Le cas des émissions du dioxyde de carbone et des conséquences sur le climat le montre. Selon Marx, il faut résolument combattre toute rupture entre l’homme et la nature. L’avenir ne peut s’édifier que par une prise de conscience généralisée et sans cesse renouvelée des en-communs du monde de l’être humain et du monde naturel permettant de développer, dans tous les domaines où se déploient les activités productives, les biens communs de l’humanité. Les ressources indispensables à la vie et au développement de la société (matières premières, eau, air, nourriture, énergie, sols, semences, forêts, océans, biodiversité, connaissances, etc.) sont sources de conflits locaux ou mondiaux si on les laisse dans les mains du capitalisme. Il faut pouvoir les partager équitablement entre tous, et les gérer démocratiquement et durablement par tous, c’est-à-dire les considérer comme des «  biens communs  » (voir Elinor Ostrom). Or le progrès actuel des connaissances scientifiques et techniques, notamment des sciences de l’information, fait apparaître la possibilité d’organiser efficacement le partage et la gestion durable des biens communs entre et par tous les êtres humains. Cette possibilité, qui émerge, est une porte qui s’ouvre sur un devenir pleinement humain – mais c’est une porte ouverte également sur une possible déshumanisation de la société. Rien n’est écrit d’avance bien sûr  !

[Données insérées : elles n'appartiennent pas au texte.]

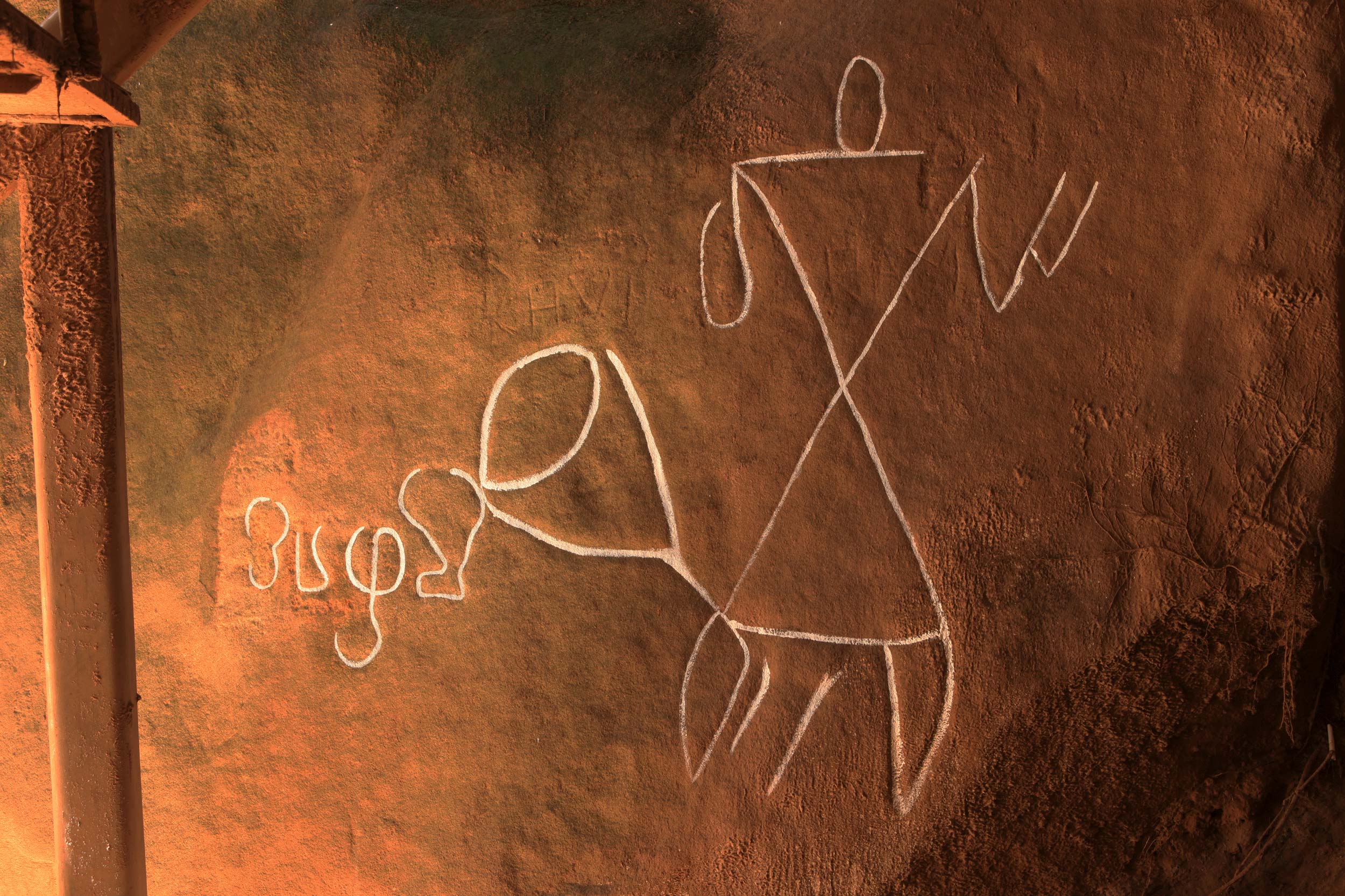 Edakal has two Tamil-Brāhmī inscriptions overlapping with the pre-historic carvings, both well above the eye level. Two more Tamil-Brāhmī inscriptions are known to have existed in this cave, also amidst the pre-historic carvings, at the time of the early surveys by Fawcett, of which only the estampages survive. The new discovery, the 5th Tamil-Brahmi inscription to be reported from here, is also on the northern wall of the cave, but a little away from the intensely carved region, at the bottom right as you descend into the cave. The discovery seems to have come to light at the time of clearing the earth to make way for rebuilding the staircase. This is the only label inscription in this corpus, appended as it seems, to an anthropomorphic figure that is probably of a later period, and different in style as well, compared to the other figures in the cave.

Comment gérer les biens communs naturels malgré la finitude du monde  ? Il faut pour cela tenir compte que notre Terre, qui baigne continûment dans un flux énergétique, fonctionne en cycles complexes et intriqués les uns avec les autres, plus ou moins longs. Les êtres humains n’échappent pas à la règle. Il ne doit pas y avoir de «  ruptures métaboliques  » entre eux et la nature (l’utilisation du concept de «  métabolisme  » pour caractériser les rapports «  homme/nature  » est due à Marx). Si elles veulent perdurer, les sociétés humaines doivent inscrire leurs activités dans le cadre des cycles naturels. C’est une perspective que décrivaient déjà Marx et Engels. On la désigne maintenant sous le nom d’économie circulaire. L’écologie a beaucoup à perdre en ignorant l’apport de Marx et les contributions des communistes.

(1) Auteurs de «  L’être humain et la nature, quelle écologie  ?  », 
note de la Fondation Gabriel-Péri.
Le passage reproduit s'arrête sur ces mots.